Much like developing a product, writing documentation moves through distinct phases. Adhere to these, and you set yourself up for success. The following phases summarize my understanding of an ideal documentation process:

  • Awareness
  • Preparation
  • Execution
  • Revision
  • Publication
  • Support

Awareness#

My documentation process starts long before I put pen to paper. Before I can consider writing effective documentation, I must know what I'm writing about, how it works, and who I'm working with. I generally break this down into the following two categories:

  • Build Relationships

    • Scrum with engineering and PM
    • Work with other writers
    • Meet with support and QA
  • Research

    • Read existing documentation, product plans, product specs
    • Try the product, get stuck, break things
    • Take notes
    • Eat lunch with engineering

By doing these actions on a regular basis, I grow my technical knowledge of the product, understand the direction it is heading as a product, and identify upcoming features that may require documentation.

Preparation#

Once I've identified a feature as requiring documentation, I prepare to write about it by narrowing my focus:

  • Announce ownership of documentation for a feature
  • Read feature specs
  • Reach out to stakeholders in engineering and QA
  • Acquire access to test environments
  • Perform user steps

Execution#

In this phase, I produce distinct deliverables:

Project plan (statement of work): A document that contains deadlines, isolates feature scope, identifies stakeholders, describes what work will be done.

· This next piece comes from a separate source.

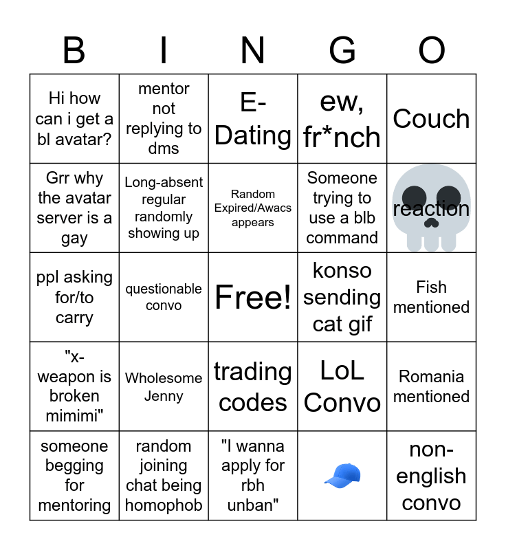 This bingo card has 2 images, a free space and 23 words: Wholesome Jenny, random joining chat being homophob, Random Expired/Awacs appears, someone begging for mentoring, Couch, Hi how can i get a bl avatar?, Grr why the avatar server is a gay, mentor not replying to dms, konso sending cat gif, trading codes, Someone trying to use a blb command, ppl asking for/to carry, LoL Convo, Romania mentioned, Long-absent regular randomly showing up, Fish mentioned, E-Dating, reaction, questionable convo, non-english convo, "x-weapon is broken mimimi", ew, fr*nch and "I wanna apply for rbh unban".

Outline: A document that specifies where in the existing documentation new writing will go, describes modifications to existing sections and new sections, plans the organizational layout of the document to be written.

Draft: content-complete documentation written in accordance with the project plan and outline.

Revision#

Once I complete my draft, I send it for review to stakeholders and peers to ensure technical accuracy and quality of writing. I make requested edits and respond to feedback, always ensuring I clearly identify my request and specify a time-frame for responses.

Publication#

In this phase, I publish the document. Depending on the documentation infrastructure, this may require syntax conversion, merging branches, or deployment.

Support#

Just because a document has been published, does not mean it is perfect or requires no updates. I support my documents by reviewing analytics, responding to customer feedback, and providing content updates as the product changes.